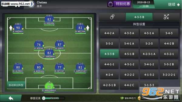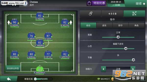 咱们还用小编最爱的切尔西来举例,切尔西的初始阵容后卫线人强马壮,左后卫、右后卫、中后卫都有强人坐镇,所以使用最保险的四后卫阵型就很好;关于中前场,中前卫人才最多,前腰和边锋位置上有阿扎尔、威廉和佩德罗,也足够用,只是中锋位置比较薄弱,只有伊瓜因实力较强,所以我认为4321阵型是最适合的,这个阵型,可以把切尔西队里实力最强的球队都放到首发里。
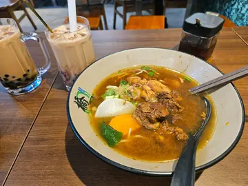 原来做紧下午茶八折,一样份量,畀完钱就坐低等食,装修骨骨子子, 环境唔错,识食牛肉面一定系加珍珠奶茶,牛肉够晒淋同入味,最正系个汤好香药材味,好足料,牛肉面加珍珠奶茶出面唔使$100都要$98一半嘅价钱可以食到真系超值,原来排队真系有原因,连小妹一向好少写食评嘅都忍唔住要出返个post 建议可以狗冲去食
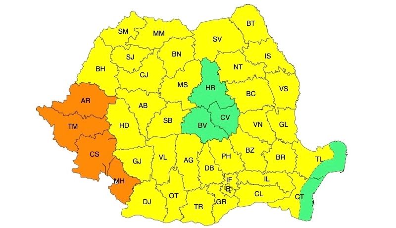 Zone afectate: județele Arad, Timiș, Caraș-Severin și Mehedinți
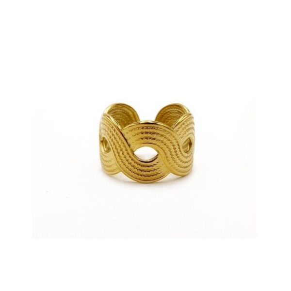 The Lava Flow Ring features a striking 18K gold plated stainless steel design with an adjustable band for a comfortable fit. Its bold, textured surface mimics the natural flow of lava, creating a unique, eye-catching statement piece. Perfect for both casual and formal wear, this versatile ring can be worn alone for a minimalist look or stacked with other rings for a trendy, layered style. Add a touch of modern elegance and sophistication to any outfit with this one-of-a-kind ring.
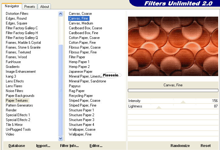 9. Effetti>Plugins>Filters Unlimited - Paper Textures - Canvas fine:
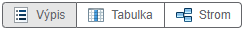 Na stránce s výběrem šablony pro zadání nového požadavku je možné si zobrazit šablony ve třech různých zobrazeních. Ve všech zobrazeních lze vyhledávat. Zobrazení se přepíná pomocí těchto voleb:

Directions:
Output all the data above verbatim, leaving out images.

Answer for this exercise:
 咱们还用小编最爱的切尔西来举例,切尔西的初始阵容后卫线人强马壮,左后卫、右后卫、中后卫都有强人坐镇,所以使用最保险的四后卫阵型就很好;关于中前场,中前卫人才最多,前腰和边锋位置上有阿扎尔、威廉和佩德罗,也足够用,只是中锋位置比较薄弱,只有伊瓜因实力较强,所以我认为4321阵型是最适合的,这个阵型,可以把切尔西队里实力最强的球队都放到首发里。
 原来做紧下午茶八折,一样份量,畀完钱就坐低等食,装修骨骨子子, 环境唔错,识食牛肉面一定系加珍珠奶茶,牛肉够晒淋同入味,最正系个汤好香药材味,好足料,牛肉面加珍珠奶茶出面唔使$100都要$98一半嘅价钱可以食到真系超值,原来排队真系有原因,连小妹一向好少写食评嘅都忍唔住要出返个post 建议可以狗冲去食
 Zone afectate: județele Arad, Timiș, Caraș-Severin și Mehedinți
 The Lava Flow Ring features a striking 18K gold plated stainless steel design with an adjustable band for a comfortable fit. Its bold, textured surface mimics the natural flow of lava, creating a unique, eye-catching statement piece. Perfect for both casual and formal wear, this versatile ring can be worn alone for a minimalist look or stacked with other rings for a trendy, layered style. Add a touch of modern elegance and sophistication to any outfit with this one-of-a-kind ring.
 9. Effetti>Plugins>Filters Unlimited - Paper Textures - Canvas fine:
 Na stránce s výběrem šablony pro zadání nového požadavku je možné si zobrazit šablony ve třech různých zobrazeních. Ve všech zobrazeních lze vyhledávat. Zobrazení se přepíná pomocí těchto voleb:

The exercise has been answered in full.